Because "32 bits or greater" != "exactly 32 bits"


Right. One is what the C standard says, and the other is what the ABI standard says. Maybe I’m missing something here.

Obviously, when someone says “type X is size Y on architecture Z”, they’re not talking about the C standard, they’re talking about some particular ABI.


> the other is what the ABI standard says

There are multiple ABIs for x86_64. I think the major compilers use 32 bits for int and 64 for long, but there could very well be a compiler that used different sizes, with a different ABI.


Yep, the x32 ABI on Linux is based on the amd64 instruction set, registers, etc. but uses 32-bit long and pointers (which in my experience is a nice performance boost, I measured up to 20% in some cases)


Right but the reason we don’t have ILP64 is mostly legacy code.


The mistake was not properly versioning the ABI


I feel the fault instead lies in the operating system for wanting to run old binaries so much that the operating system pretends that the system architecture (and associated ABI) has not changed, even when there exists larger integers than what the previous architecture had set as intmax_t.


The problem is not old binaries, it is old code that assumes an upper bound to the size of intmax_t.


I’m not sure what you mean.
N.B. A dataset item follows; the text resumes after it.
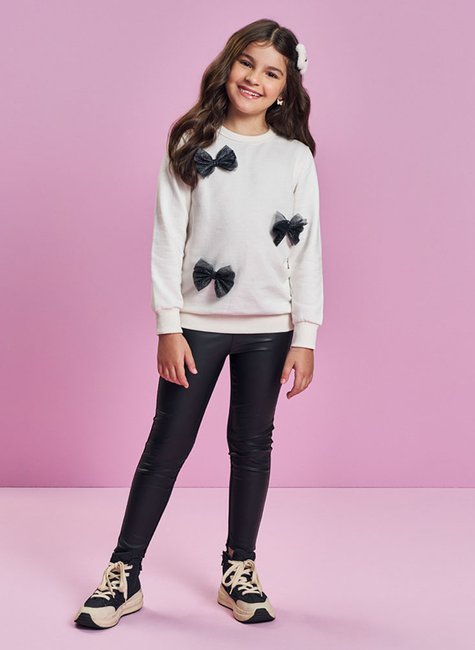 O conjunto infantil feminino Cinti é perfeito para meninas que amam um look estiloso e confortável. Composto por blusão de manga longa com aplicação de laços e legging em cirrê, esse conjunto traz um visual moderno e cheio de personalidade.

I agree that the problem is not the binaries, but I believe the problem to be the operating system. The source code may not have assumed a specific upper size limit on intmax_t, but the binaries were compiled in good faith to a specific machine architecture, which had a specific width on intmax_t, namely the largest integer type which that architecture could support. If then new CPU models come out with larger integer types, but the operating systems still runs that same binary straight up (without any emulation layer), this exposes the old binary to larger integer types, breaking the binary. The binary is not at fault, it’s the operating system which committed the sin of running the binary on what is effectively a different architecture without any considerations on what architecture the binary was actually compiled for.


The OS could do this for old binaries but no for old source. A lot of FOSS code has baked in assumptions about the max size of intmax_t and the compiler and the OS cannot do much about broken logic.


> A lot of FOSS code has baked in assumptions about the max size of intmax_t

Well, that code is not, and was not ever, standards compliant.


And it turns out that doesn't matter much in terms of adoption and popularity.

After all, if predictable behavior in the future across all possible configurations were a high priority requirement for the tools people use to make computers do things, neither C nor C++ would have gotten off the ground. Instead, people don't memorize the entire standard. They write code that works on their machine, publish it, fix the bugs when people say it doesn't work on their machine, and maybe converge towards something that is standards compliant but, more likely, they converge towards something that works on the standard implementation on 90% of the operating systems available.


> A lot of FOSS code has baked in assumptions about the max size of intmax_t

Would you be able to name three examples?


I realize I used FOSS improperly, I had no reason to single it out; my comment reads like a critique of open source which was not my intention.

My intention was to make a good case for old code being compiled today by third parties.

But to my understanding intmax_t was introduced in C99, before widespread dominance of 64 bits platforms. So it would not be surprising that there exists code with lower assumptions about its size.

But actually I made also another mistake, the major problem had little to do with faulty logic and more to do with dynamic linking [0]

I will see myself out today.

[0] https://thephd.dev/intmax_t-hell-c++-c


intmax_t can rationally be regarded as being outside of the ABI concept. It should give you the maximum integer available, not the maximum integer that your compiler had 15 years ago for the sake of compatibility.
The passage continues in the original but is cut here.